-----BEGIN PGP SIGNED MESSAGE----- Hash: SHA1
Roan Kattouw wrote:
Brion Vibber schreef:
Why do you use JSON here? Wouldn't it be better/faster/more intuitive/whatever to use format=php and unserialize()? Surely PHP can interpret its own format faster than JSON?
Unserializing PHP serialized data that comes from a foreign server is potentially unsafe.
[snip]
We're handling an *array* here, right? How the hell can unserializing() something, then using [] on it cause anything else than a fatal error?
"If the variable being unserialized is an object, after successfully reconstructing the object PHP will automatically attempt to call the __wakeup() member function (if it exists)."
Arbitrary data input + execution of a function -> potentially could cause problems, depending on what the wakeup function of the given class does.
At the moment that's probably reasonably safe given our codebase (ignoring that unserialize() itself has had a rash of low-level security problems such as buffer overflows), but it gives me the willies as a low-level problem.
Even if it does only cause a fatal error, now your site's broken because of a problem with a third-party provider. That's a pretty poor practice and should be avoided.
Or does PHP allow overloading of the [] operator? (I though PHP didn't *do* operator overloading, but I could be wrong.) Anyway, is_array() should be safe enough here.
It sort of does -- classes can provide an array-like interface.
I'm not saying it makes a huge difference and I know trying to optimize non-bottleneck code is discouraged, but if you can get better performance by just using a different function, it's too easy not to do.
That depends on what other concerns are present. Using low-level serialization on unvalidated input data just isn't a good security practice.
It's *convenient* for quickie hacks, but it's not very reliable and not very safe. These concerns trump a hypothetical speed advantage which may not even exist.
Also, I though Http::get() was a faux pas, why use it here?
On the contrary -- *not* using Http::get() is a faux pas. :)
We can control the timeout values etc with Http::get(), and choose the best backend (PHP's URL wrappers or CURL module), all nice and encapsulated. Duplicating all that by hand is a big no-no.
OK. I remember someone saying something related to bug 14024 (interwiki API) that calling Http::get() would take too long etc.
That's an unrelated issue where you'd be trying to proxy third-party requests.
Right. If the local wiki's not in English, it may construct the output using something other than the canonical 'Image:', which won't be recognized by the foreign repo.
In this case, we need to canonicalize the title first (i.e. replace Bild: by Image: on a German wiki), then submit that title to the remote wiki, which will normalize Image: to whatever it uses.
Exactly. :)
I don't really get what the foreach is for: it's only one file, right? You can use reset() to get the first element of an array if it doesn't have index 0.
IMHO, reset() and foreach() are equally ugly here. :)

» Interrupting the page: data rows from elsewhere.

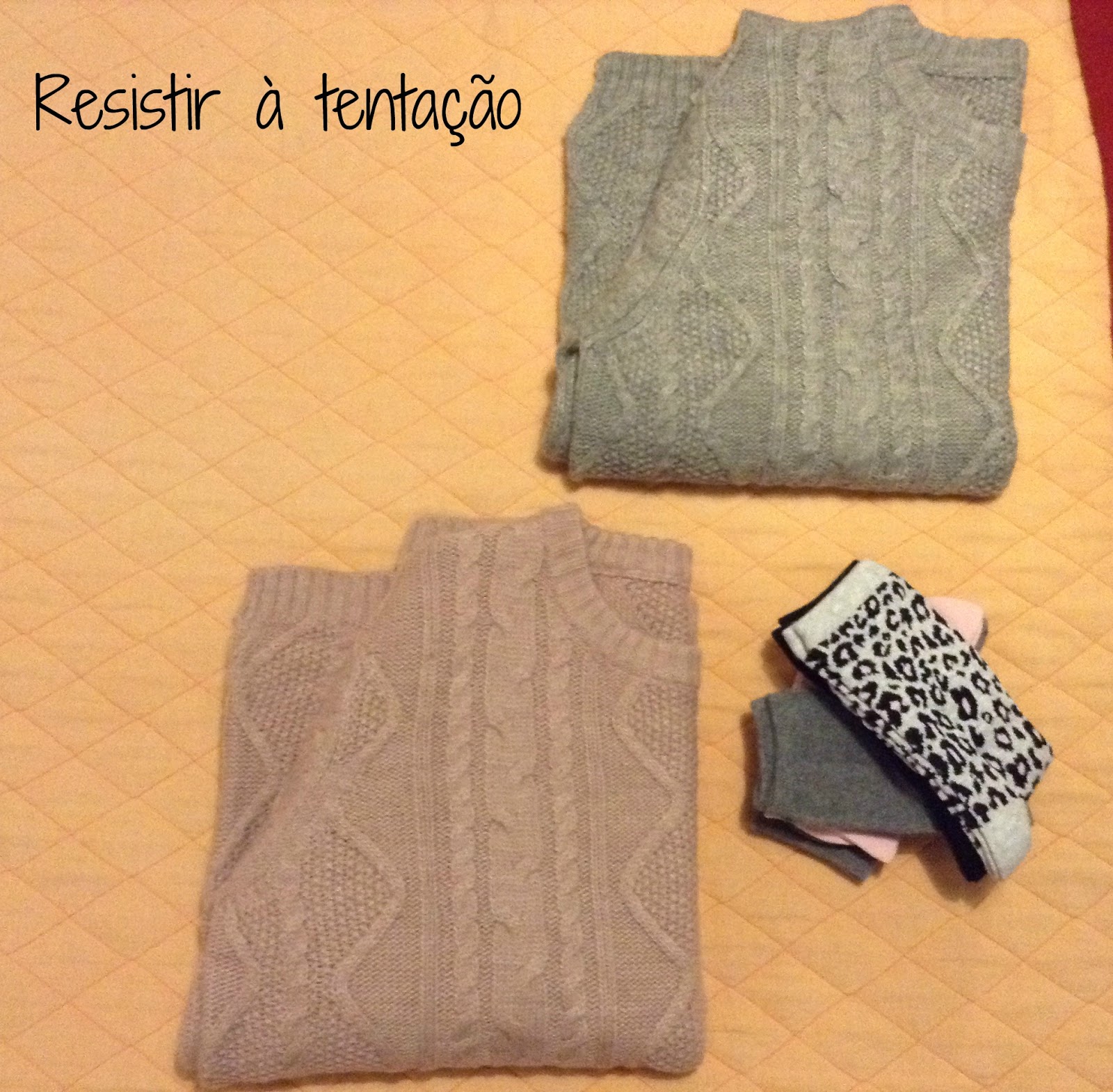 A minha mãe acabou por ficar com as meias e eu comprei 2 camisolas com o mesmo feitio mas de cores diferentes…
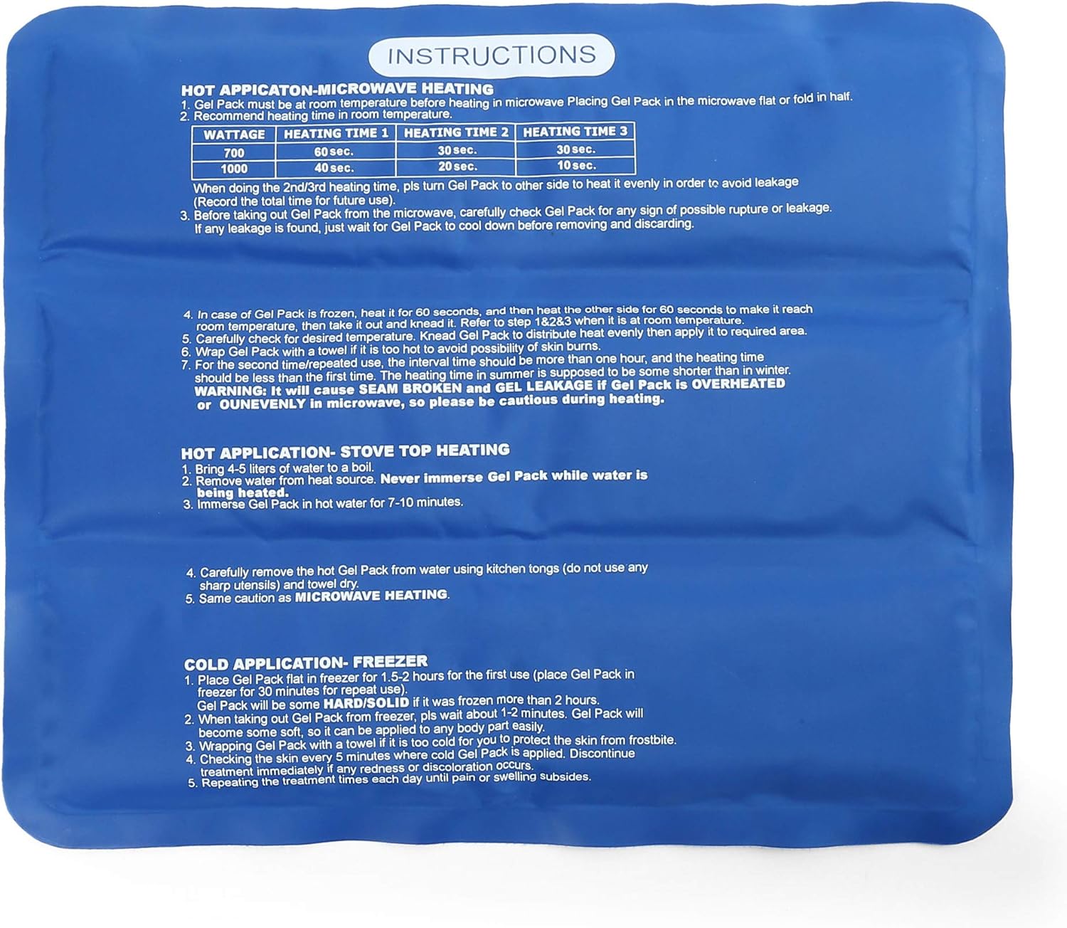 - Safe & Reusable & Large Gel Pack: Latex-free and non-toxic ice pack, safe for all ages to use; keep flexible even at 0°F(-18℃); 13.8" x 11.8" gel pack gives a larger coverage to body parts, keeps warm and cool longer than other small ones
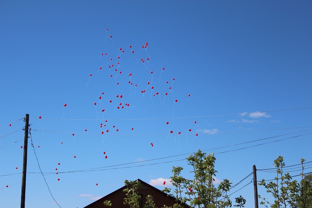 В завершение праздника самые маленькие участники митинга выпустили в небо красные воздушные шары.
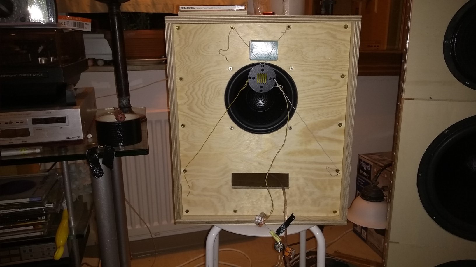 ich würde den HT etwas nach oben verschieben, so dass Du nicht Mittig best. Dürfte das Abstrahlverhalten beim großem Chassis weniger beeinflussen.
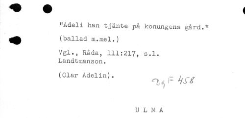 //// "Adeli han tjänte på konungens gård." //// ^^ (ballad m.mel.) //// t //// Vgl., Råda, 111:217, s.l. //// Landtmanson. //// (Olar Adelin). , ,^ //// U L M A ////
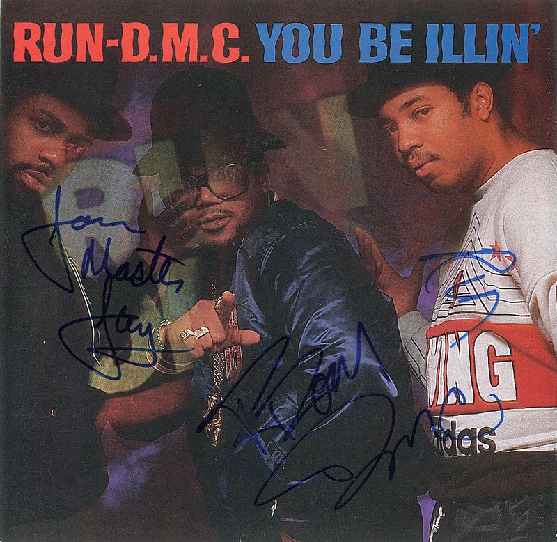 Color 45 rpm record sleeve for ‘You Be Illin’,’ signed in blue felt tip by Joseph ‘Run’ Simmons, Darryl ‘DMC’ McDaniels, and Jason ‘Jam Master Jay’ Mizell. In fine condition. Accompanied by a full letter of authenticity from Roger Epperson/REAL.
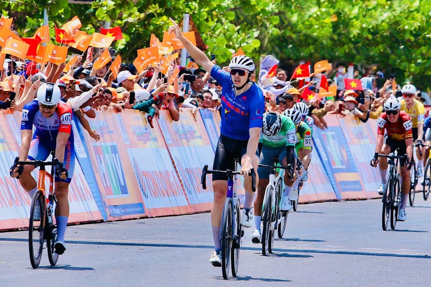 Trong cuộc đua xe đạp “Non sông liền một dải” tranh Cúp HTV – Tôn Đông Á 2026, chặng thứ 14 từ Quy Nhơn đi Tuy Hòa dài 94km diễn ra sáng nay (18/4), tay đua Marchuk Dzianis (ĐN) đã tiếp tục khẳng định sức mạnh tốc độ khi lần thứ 5 cán đích đầu tiên. Dù có nhiều nỗ lực tấn công, các danh hiệu cao quý nhất vẫn không hề thay đổi chủ.
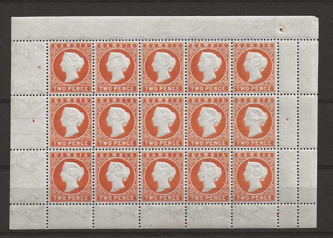 Gambia 1887 Queen Victoria Two Pence complete sheet of fifteen unmounted mint. (Hinged on margins only). SG 24. Cat £225.
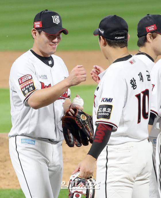 프로야구 KBO리그 한화 이글스와 KT 위즈의 경기가 23일 오후 수원 kt위즈파크에서 열렸다. KT가 3-1로 승리했다. KT마무리 김재윤이 세이브를 한뒤 황재균의 축하를 받고있다. KBO리그 역대 17번째 100세이브.

Personal preference then, I guess. To me, foreach() implies that something runs more than once (although that's impossible in this case because of the return statement).
reset() followed by current()/next() is exactly equivalent to foreach(), but without the clean, visible structure around the iterator.
Sometimes it's necessary because you're doing something _weird_ with your loop, but I tend to think of it as very icky. :)
Anyway this can be fairly easily extended to implement the new multiple findFiles(), with the singular findFile() as a special case that passes only one title, so a foreach is gonna be just fine. ;)
- -- brion vibber (brion @ wikimedia.org)